В письме от 19 июня 1969 года МЛ предложил прочитать моим студентам цикл из шести лекций по теории стиха. Завкафедрой и проректор по научной работе решительно отказали. Я был к отказу подготовлен. За год до этого академик Д.С. Лихачев предложил мне провести у нас в институте выездное заседание своего сектора древней русской литературы ИРЛИ. Он устраивал такие заседания в старых русских городах, а также и за пределами, очерченными “Повестью временных лет”. Те же личности решительно сказали “нет”.

Иногда МЛ, даря мне оттиск или книгу, просил об этом не распространяться: “Посылаю Вам оттиск верхоглядской статьи с постыдной просьбой об этом присыле широко не рассказывать: мне прислали ровно десять экземпляров, и на всех коллег ее при всем моем желании не хватит” (5 октября 1976 г.). Доступа к копировальной технике тогда у нас не было.

18 марта 1982 года МЛ прислал мне фотографию. На обороте карандашом письмо: “Дорогой Вадим Соломонович, фотографию эту Вы, наверное, знаете; но этот снимок, оказавшийся у меня лишним, я получил от вдовы моего покойного шефа, переводчика Ф.А. Петровского, а он был сыном А.Г. Петровского, в чьей квартире (в Шереметьев-ском переулке, ныне ул. Грановского) и была сделана эта фотография Вл<адимира> С<оловьева>. В квартире этой я еще бывал, и гравюру с “Тайной вечери”, что в правом верхнем углу, еще застал. Я подумал, что, может быть, даже через трех посредников такой контакт с изображенным здесь автором может быть для Вас приятен, и решился послать этот снимок Вам. Всего Вам самого хорошего! Неизменно преданный Вам М. Гаспаров 18.3.1982”.
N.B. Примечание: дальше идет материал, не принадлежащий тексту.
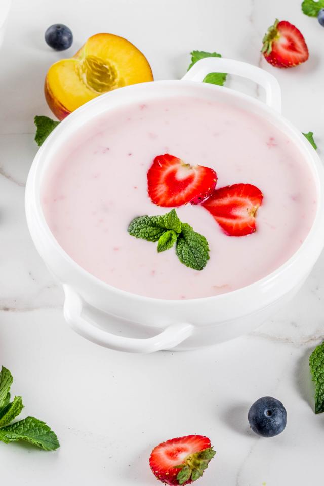 Wallpaper Milk soup in a plate on a table with berries and nectarine
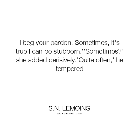Copy Image I beg your pardon. Sometimes, it's true I can be stubborn.''Sometimes?' she added derisively.'Quite often,' he tempered Moms Typewriter A A SAVE THIS IMAGE
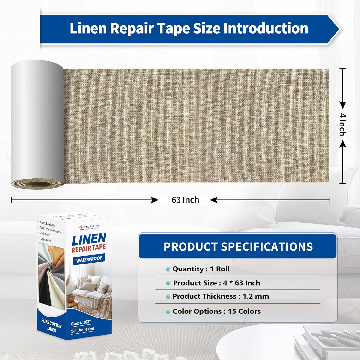 • Soft Fabric Repair Tape: Classic size 4" x 63", economical and practical, made of pure cotton linen repair tape, with a smooth and soft surface, comfortable and breathable, scratch-resistant and durable, it does not fade after long-term use, providing the comfort you desire while completing the repair.
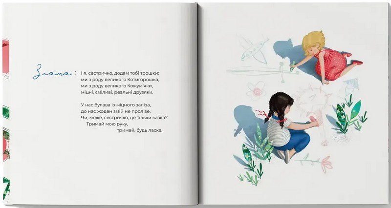 Десятирічні сестрички Віта і Злата діляться одна з одною своїми мріями: досхочу ходити до лісу, плавати в річці, лежати в траві горілиць і роздивлятися хмари. Вони також хочуть вивчити кілька замовлянь, щоб на Землі запанував мир, проте чарам місце тільки в казках... Натомість ця добра і дбайлива книжка розповідає, що в житті є дещо могутніше за чари. Наприклад, бути поруч зі своїми близькими та триматися з ними за руки. А якщо разом із вами ще й пудель Бука, який вміє сміятися хвостом, то це вже справді шалено! Перед вами дуже тепла п’єса-діалог про найрідніше, написана на прохання керівниці Творчої студії Наталії Журавльової. Це світле та чесне віддзеркалення розгубленості дітей під час найскладнішого життєвого досвіду: війни. Текст можна читати або розігрувати з дітьми вдома, на уроках, у шкільних театрах і театральних гуртках. А можна навіть поставити п’єсу онлайн для рідних і друзів, які не поруч. Читайте самі, читайте в парі, читайте й підтримуйте своїх найдорожчих людей.

Последнее письмо МЛ я получил за два с половиной месяца до его кончины. Я написал ему, что, как свидетельствует мой дневник, мы с ним познакомились в октябре 1965 года, и хорошо бы отпраздновать, в Смоленске или в Москве, сорокалетие этого события. Я писал это, не столько надеясь, вопреки всему, на встречу, сколько желая хоть немного подбодрить МЛ. Он мне ответил:

“Дорогой Вадим Соломонович,

Спасибо за весть: а я молчал, потому что с апреля сижу-лежу в больнице. В том числе — месяц в реанимации после нечаянного инсульта. Учусь заново ходить и подсчитывать части речи. Как только вернусь к своему э-мейлу, напишу Вам подробнее, а пока давайте жить надеждою, что мы еще встретимся на этом свете. Лет я не считал, но наши встречи и разговоры мне памятны с удивительной подробностью. Спасибо Вам! Низкий поклон Эде Моисеевне. — Ваш неизменный М.Г.” (23 августа 2005 г.; переслано Е.П. Шумиловой).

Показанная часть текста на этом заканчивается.